Accepting All Payments
The iGaming industry has shown its ability to constantly adapt, not only due to ever-changing regulations but also to keep pace with the rapid evolution of mobile and online gaming.
Social and Branded Payments
Social payments, first popularized by PayPal, have since expanded into a number of platforms with multiple payment functions including Venmo, Snapcash, Google Wallet, Apple Pay and Twitter Buy. The use of social media to transfer money to another person or business has proven to be a useful tool not only for individuals but also businesses, which can either use existing services or create their own proprietary ones. Big consumer brands like Starbucks have already launched an app that allows customers to load money onto a virtual gift card which can be scanned at the register. Companies with existing loyalty programs and smaller brands are now exploring the opportunity to create their own payments ecosystems.

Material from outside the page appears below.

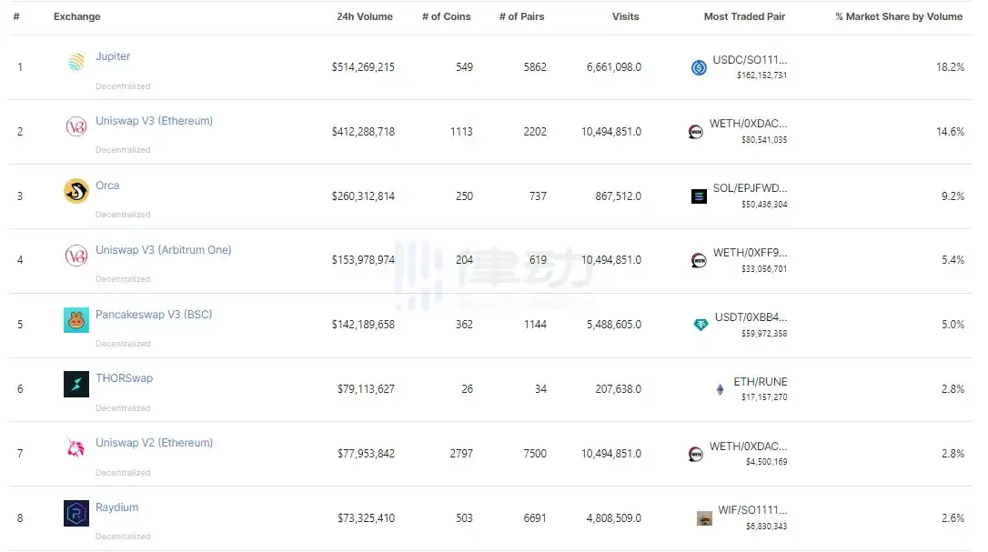 Jupiter 过去 24 小时交易量超 5 亿美元,位列 DEX 交易量排行榜榜首
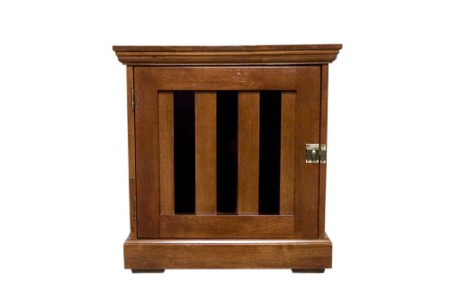 Comfort for the whole family is easy with the TownHaus, a finely-crafted end table that does double duty as a home for your dog. The perfect complement to any room, this skillfully crafted end table brings beauty to your home, comfort to your life and peaceful rest for your dog. Linear frame, removable door and molding are skillfully crafted out of wood and finished in a warm, lustrous mahogany stain. The TownHaus is exceptionally sturdy to handle everyday living and abundantly cozy to keep your dog safe and snug. The uniquely designed removable door allows the option to let dogs come and go freely. Perfect wooden dog crate for dogs or cats to sleep in or to hide a litter box . Finish is non-toxic and free of mercury, lead, cadium and chromium. It won't crack, and wood veneers adhere well to it, which results in high quality product for you.

Real-Time Payments Revolution
Real-time payments that provide immediacy, certainty, and bank-grade security are here. While little noticed, the deregulation and technological possibility are enabling consumers and business to experience faster payments than ever before: While only 25 real-time payment systems were operational worldwide in 2017, 40 were live in 2018, and 67 percent of consumer payments are now made electronically. Because real-time payments enable a lot more information that can be exchanged with transactions, applying more analytics can help improve iGaming business performance and improve efficiencies.
Banking Fragmentation
The iGaming operators, being on the cutting edge of online payments acceptance and payouts, need to be on a lookout for potential partners in payments to meet the constantly growing expectations of their clients. Customer focus is driving a trend of services being combined in unusual ways to meet each specific customer segment’s pain points, such as a wallet and payment acceptance hybrid Genome. This new service allows opening MIDs, IBAN accounts, paying salaries, transferring money internationally and between wallets or other accounts, accepting payments, exchanging currencies and all this via an app without a single visit to a bank. Web and app services like this will elevate the customer experience to a different level.
The Payment Trends Takeaways
Both iGaming operators and their service ecosystem are facing a torrent of changes affecting how customer service is delivered, how risks are managed and which business models will stand the test of time. Only by working together the industry can reduce risks effectively while offering a high level of customer satisfaction in the long run. From the payments perspective, intelligent use of machine learning and expanding payment methods can offer promising new solutions.